这是该软件运行的第二步,将enrichment score 转化为 百分比。
spillOver function is used to perform the spill-over compensation applied by xCell to reduce dependency between scores of
closely related cell types. The spill over is performed using a precomputed dependency matrix ‘K‘.
这是该软件运行的第三步,说实话我没理解。
# install
devtools::install_github("dviraran/xCell")
# load packages
library(xCell)
# gene symbols
length(xCell.data$genes)
# gene set
str(xCell.data$signatures)
?xCellAnalysis
# xCellAnalysis(expr, signatures = NULL, genes = NULL, spill = NULL,
# rnaseq = TRUE, file.name = NULL, scale = TRUE, alpha = 0.5,
# save.raw = FALSE, parallel.sz = 4, parallel.type = "SOCK",
# cell.types.use = NULL)
# expr: the gene expression data set. A matrix with row names as symbols and columns as samples.
# signatures: a GMT object of signatures.
# genes: list of genes to use in the analysis.
# spill: the Spillover object for adjusting the scores.
# rnaseq: if true than use RNAseq spillover and calibration paramters, else use array parameters.
# file.name: string for the file name for saving the scores. Default is NULL.
# scale: if TRUE, uses scaling to trnasform scores using fit.vals
# alpha: a value to override the spillover alpha parameter. Deafult = 0.5
# save.raw: TRUE to save a raw
# parallel.sz: integer for the number of threads to use.
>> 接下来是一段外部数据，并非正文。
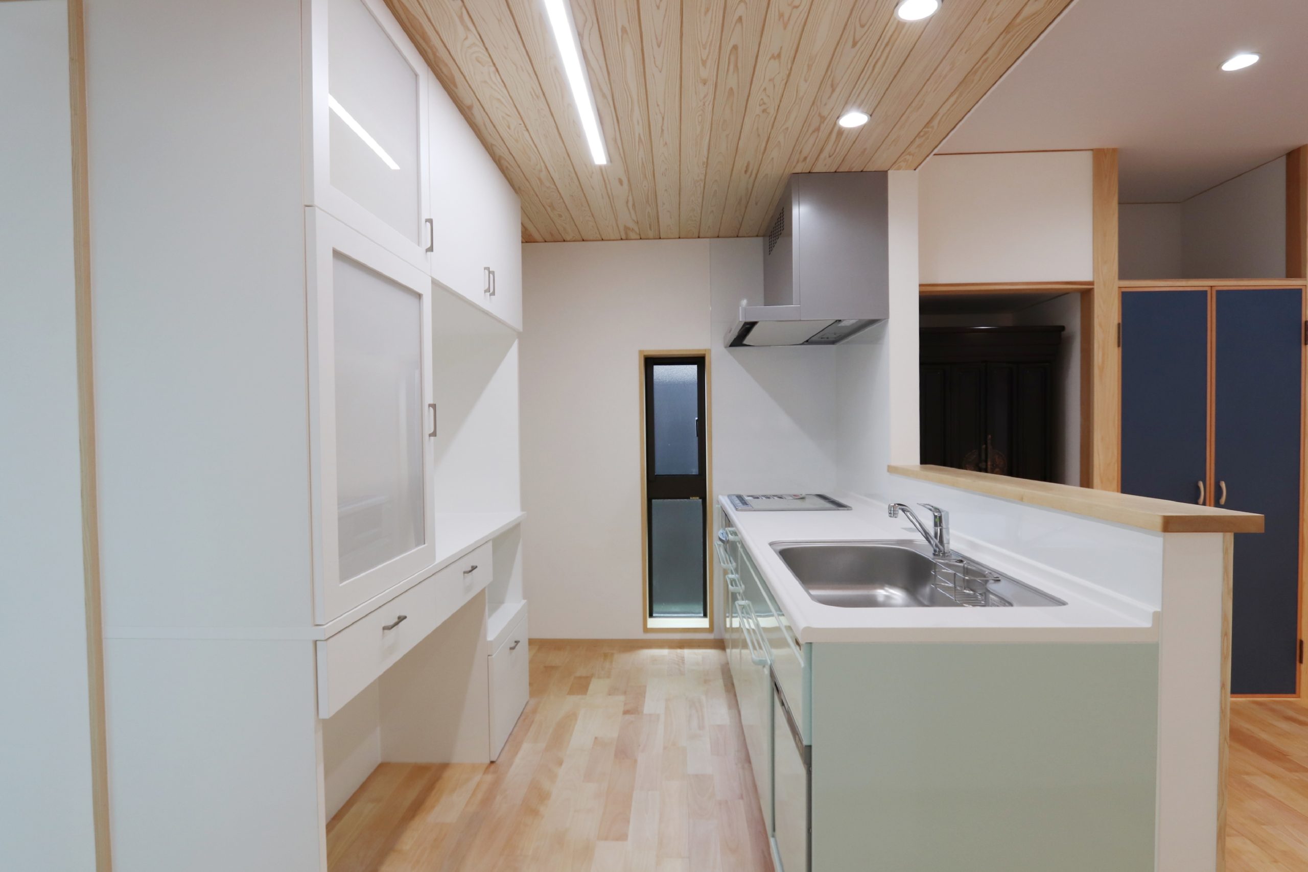 杉板の天井が美しいキッチンスペース。窓側に向いていたキッチンカウンターを対面式にしました。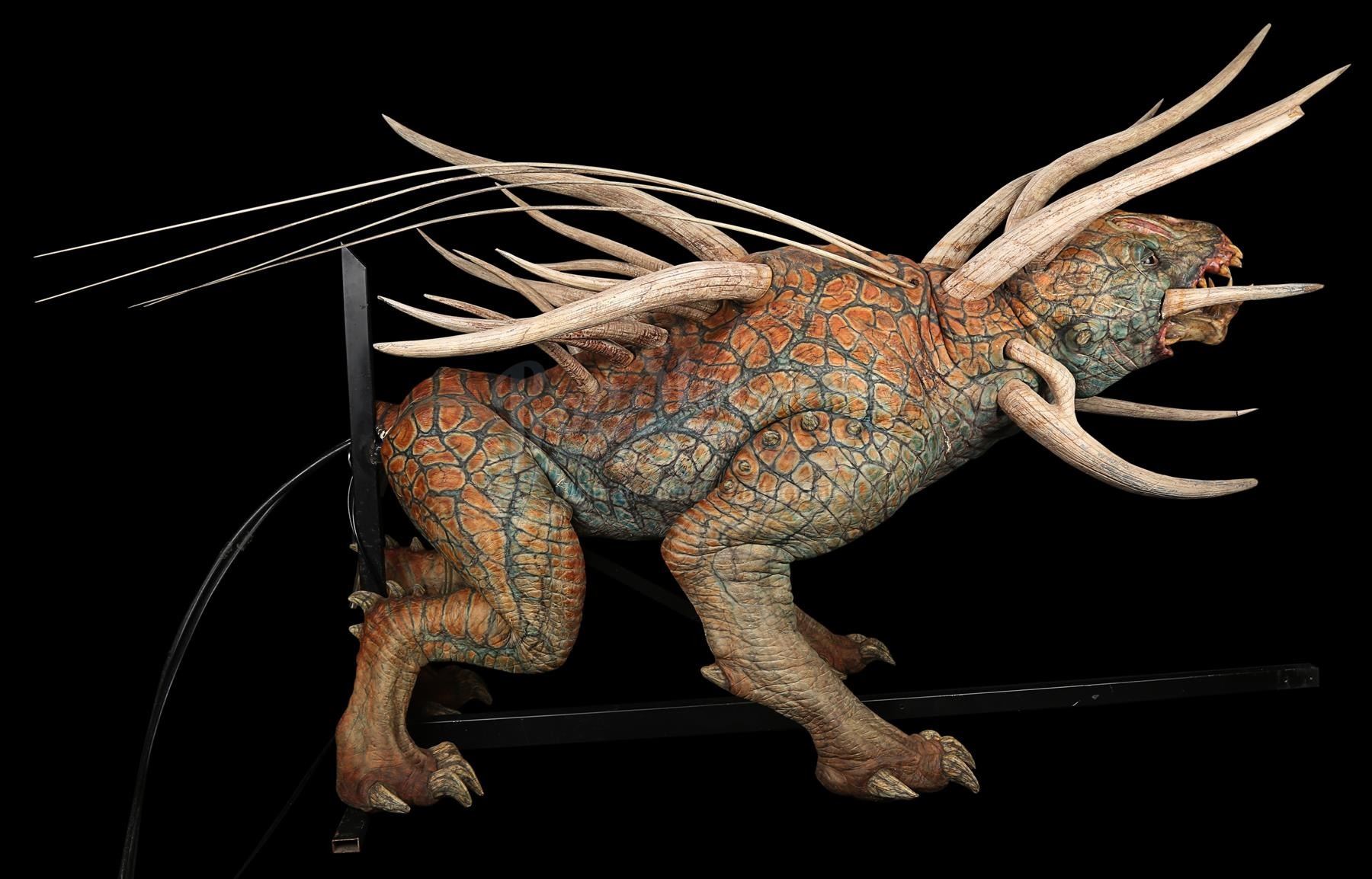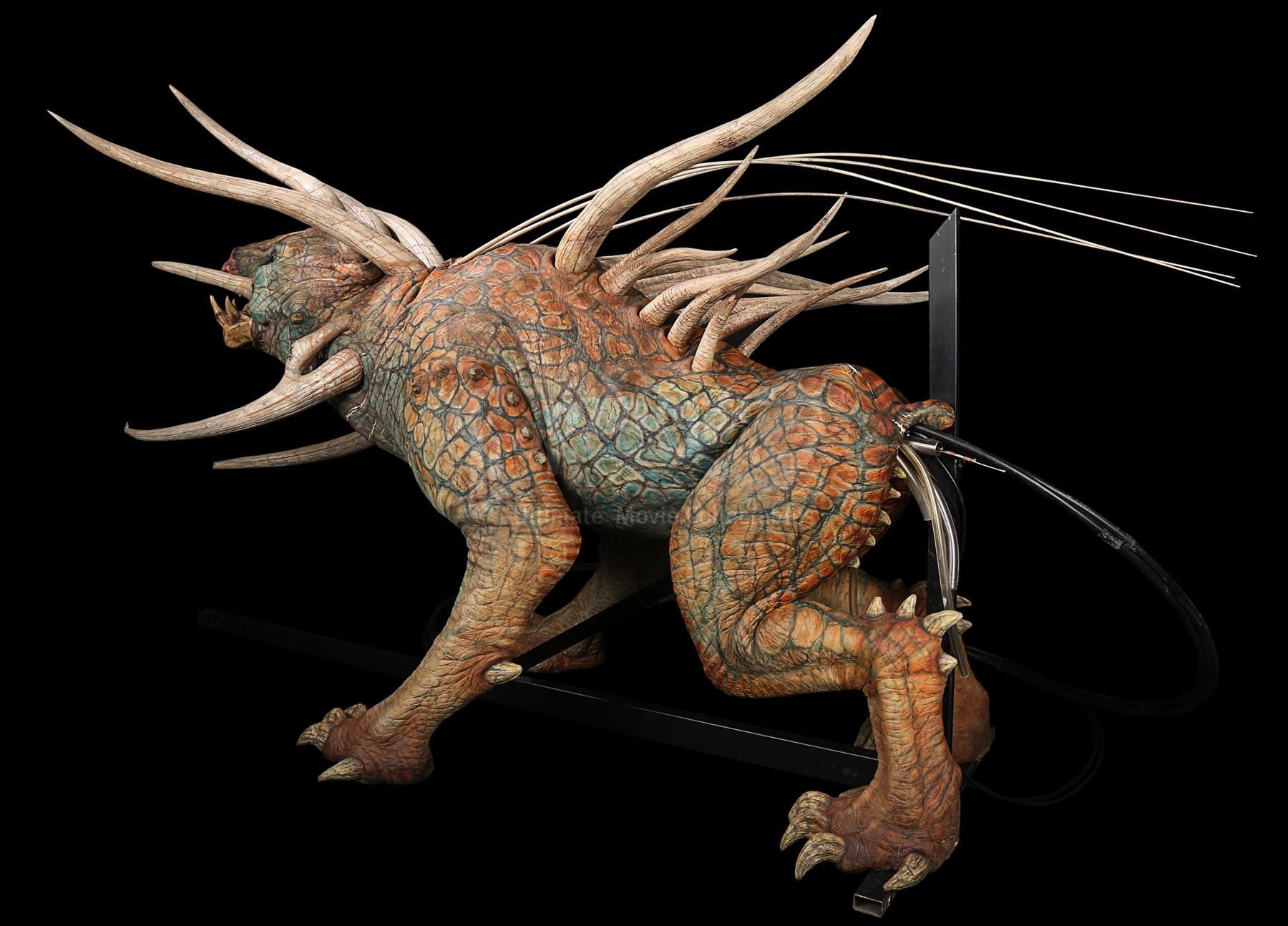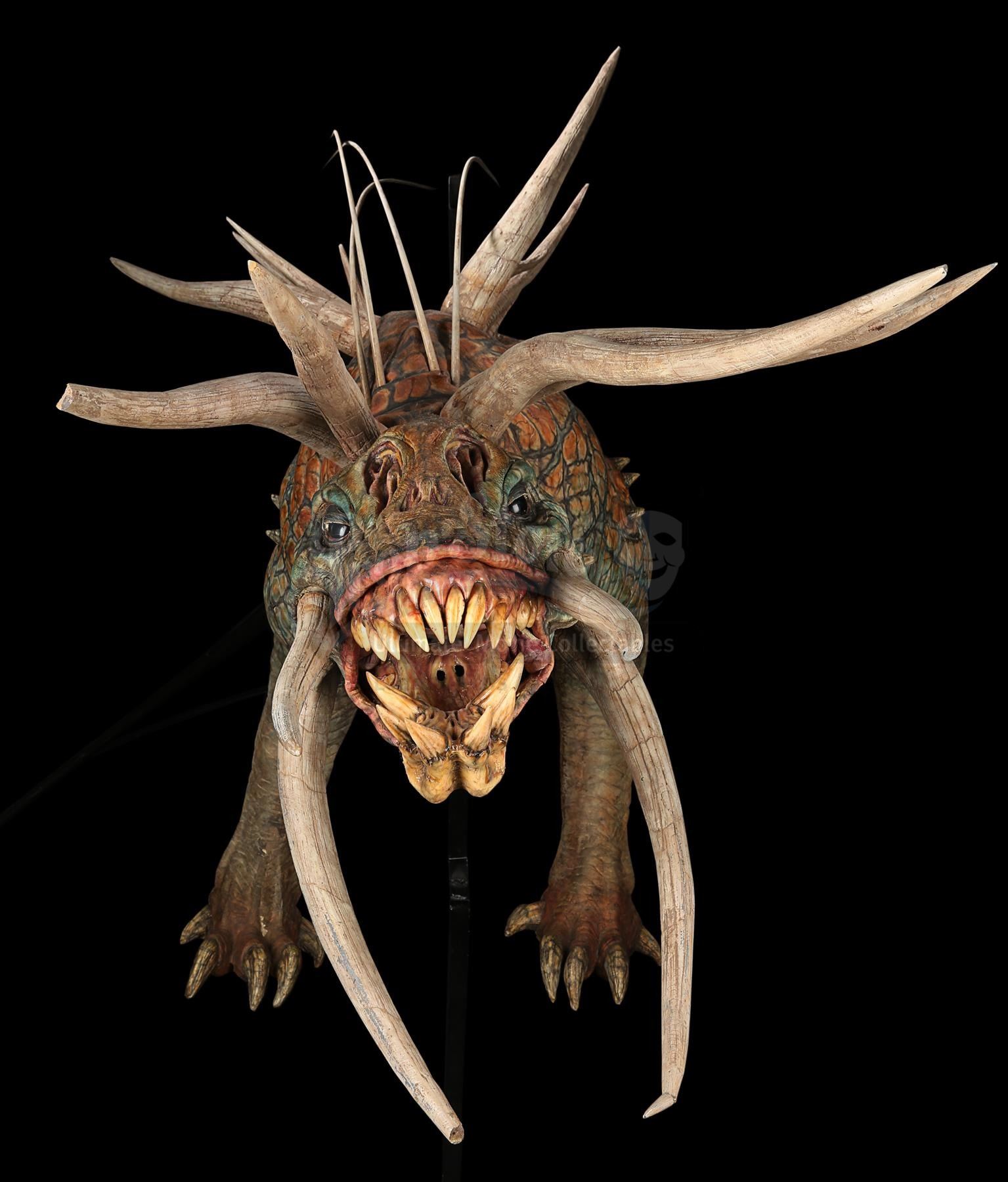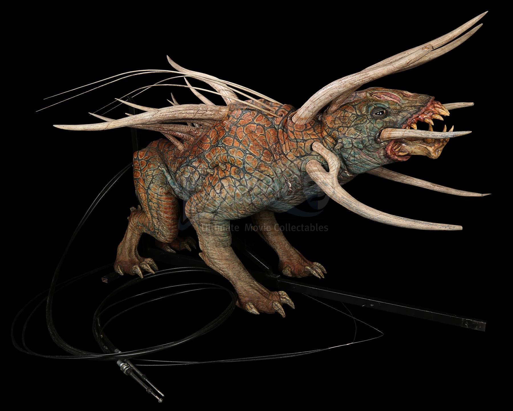 A special effects hell-hound puppet from Robert Rodriguez's sci-fi action film Predators. The quadrupedal monsters were used by the Super Predator clan to flush out their prey, and attacked Royce (Adrien Brody) and his party early in the film. While mostly presented as CGI characters, puppets were used for the more static close-ups, notably when Stans (Walton Goggins) was pinned by one of the pack, drool dripping from its jaws.

Default is 4.
# parallel.type: Type of cluster architecture when using snow.
# 'SOCK' or 'FORK'. Fork is faster, but is not supported in windows.
# cell.types.use:
# a character list of the cell types to use in the analysis. If NULL runs xCell with all cell types.
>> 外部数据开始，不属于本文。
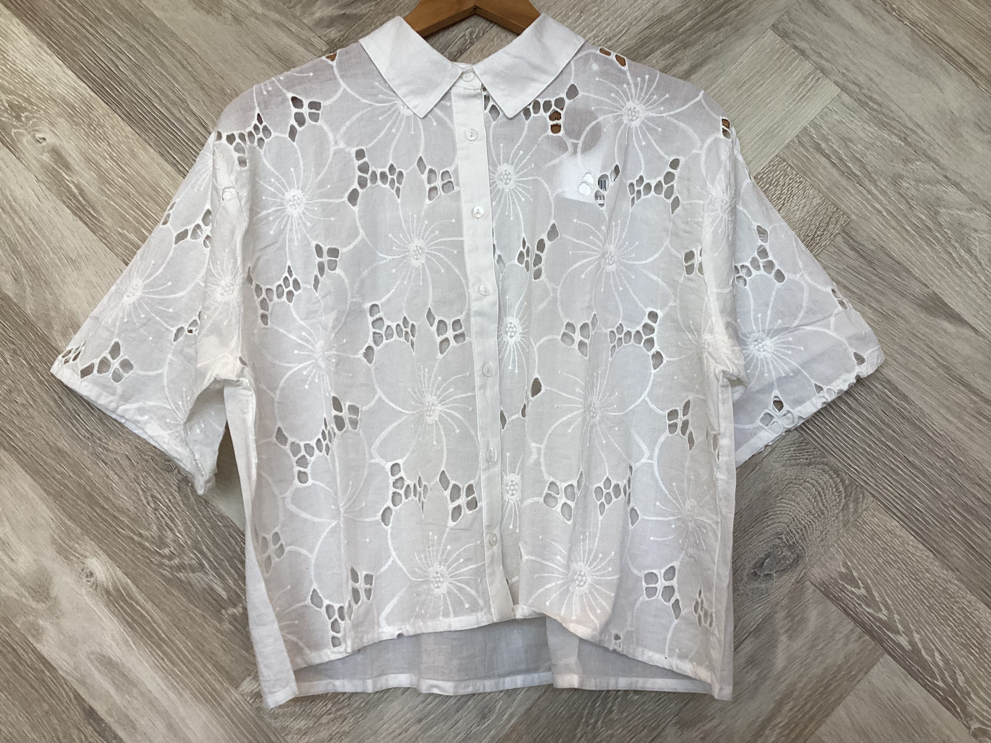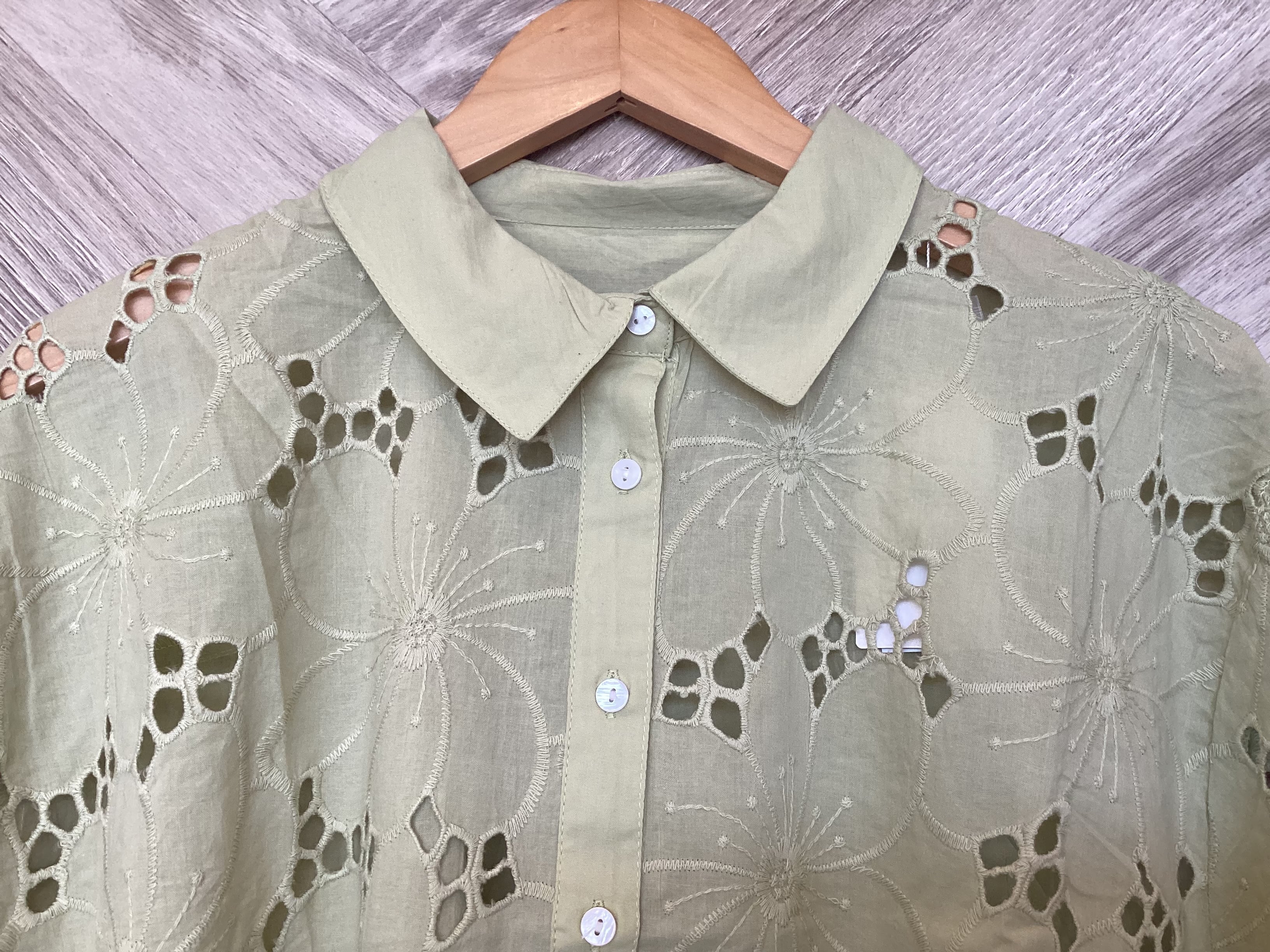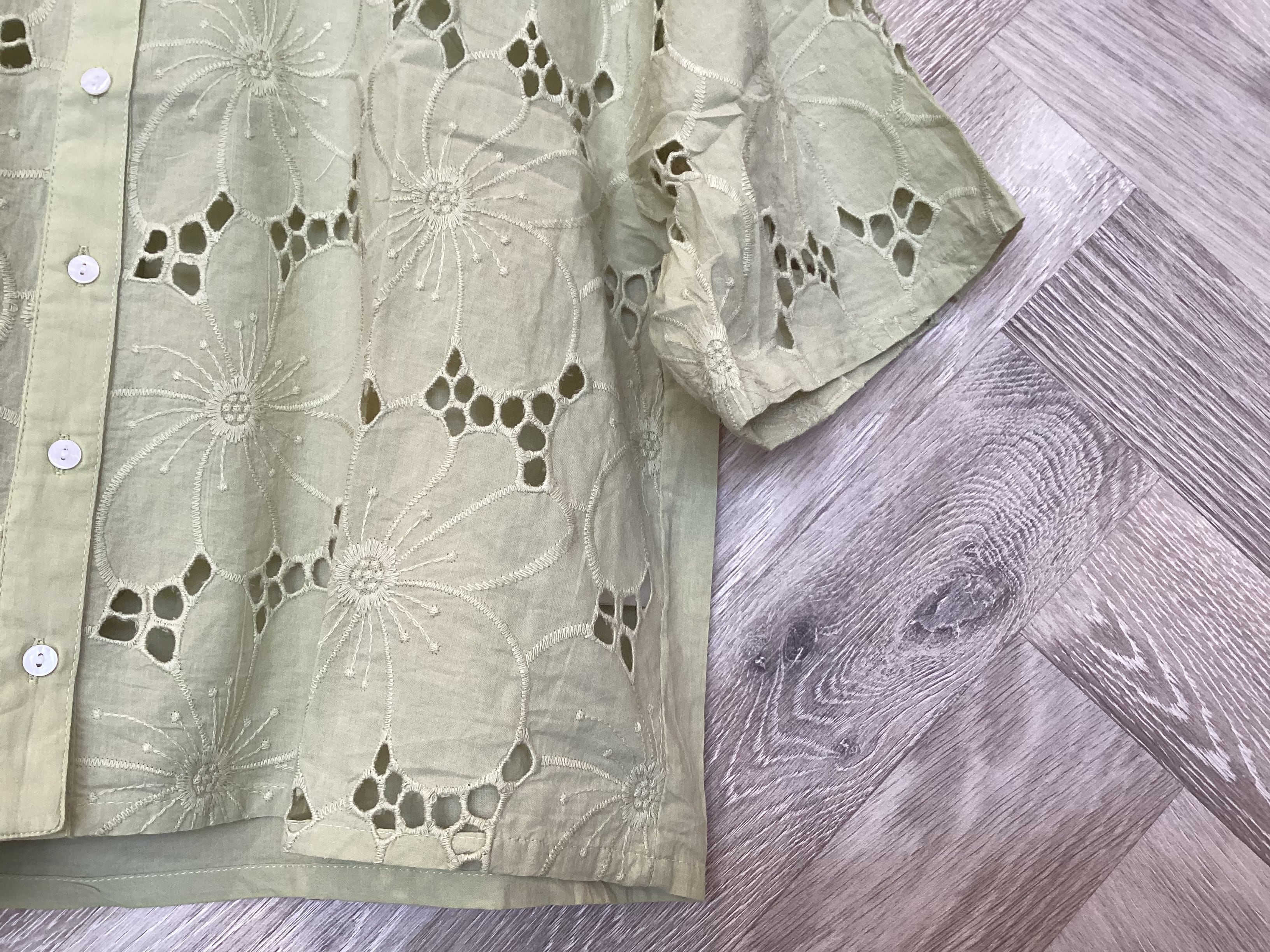 大きなフラワーモチーフのシフリー刺繍が夏に向けてピッタリの軽やかさと清涼感を演出するブラウス

# The spillover compensation step may over compensate, thus it is always better to run xCell
# with a list of cell types that are expected to be in the mixture. The names of cell types
# in this list must be a subset of the cell types that are inferred by xCell.
# gene expression matrix
setwd("G:/20240103-- T cell enrichment score/")
list.files()
expr_file <- "G:/20240103-- T cell enrichment score/tcga_RSEM_gene_fpkm/tcga_RSEM_gene_fpkm"
# ananlysis own gene expression martix
exprMatrix = read.table(expr_file,header=TRUE,row.names=1, as.is=TRUE)
dim(exprMatrix)
# [1] 60498 10535
exprMatrix[1:5,1:5]
# TCGA.19.1787.01 TCGA.S9.A7J2.01 TCGA.G3.A3CH.11 TCGA.EK.A2RE.01 TCGA.44.6778.01
# ENSG00000242268.2 -9.966 -0.394 -9.966 -9.966 -9.966
# ENSG00000259041.1 -9.966 -9.966 -9.966 -9.966 -9.966
# ENSG00000270112.3 -4.293 -3.816 -9.966 -9.966 -6.506
# ENSG00000167578.16 4.832 4.196 3.395 3.910 4.903
# ENSG00000278814.1 -9.966 -9.966 -9.966 -9.966 -9.966
# 需要转换一下 rownames
probe <- "G:/20240103-- T cell enrichment score/tcga_RSEM_gene_fpkm/probeMap%2Fgencode.v23.annotation.gene.probemap"
probe <- read.table(probe,header=TRUE,row.names=1)
head(probe)
# gene chrom chromStart chromEnd strand
# ENSG00000223972.5 DDX11L1 chr1 11869 14409 +
# ENSG00000227232.5 WASH7P chr1 14404 29570 -
# ENSG00000278267.1 MIR6859-1 chr1 17369 17436 -
# ENSG00000243485.3 RP11-34P13.3 chr1 29554 31109 +
# ENSG00000274890.1 MIR1302-2 chr1 30366 30503 +
# ENSG00000237613.2 FAM138A chr1 34554 36081 -
probe <- read.table(probe,header=TRUE,row.names=1)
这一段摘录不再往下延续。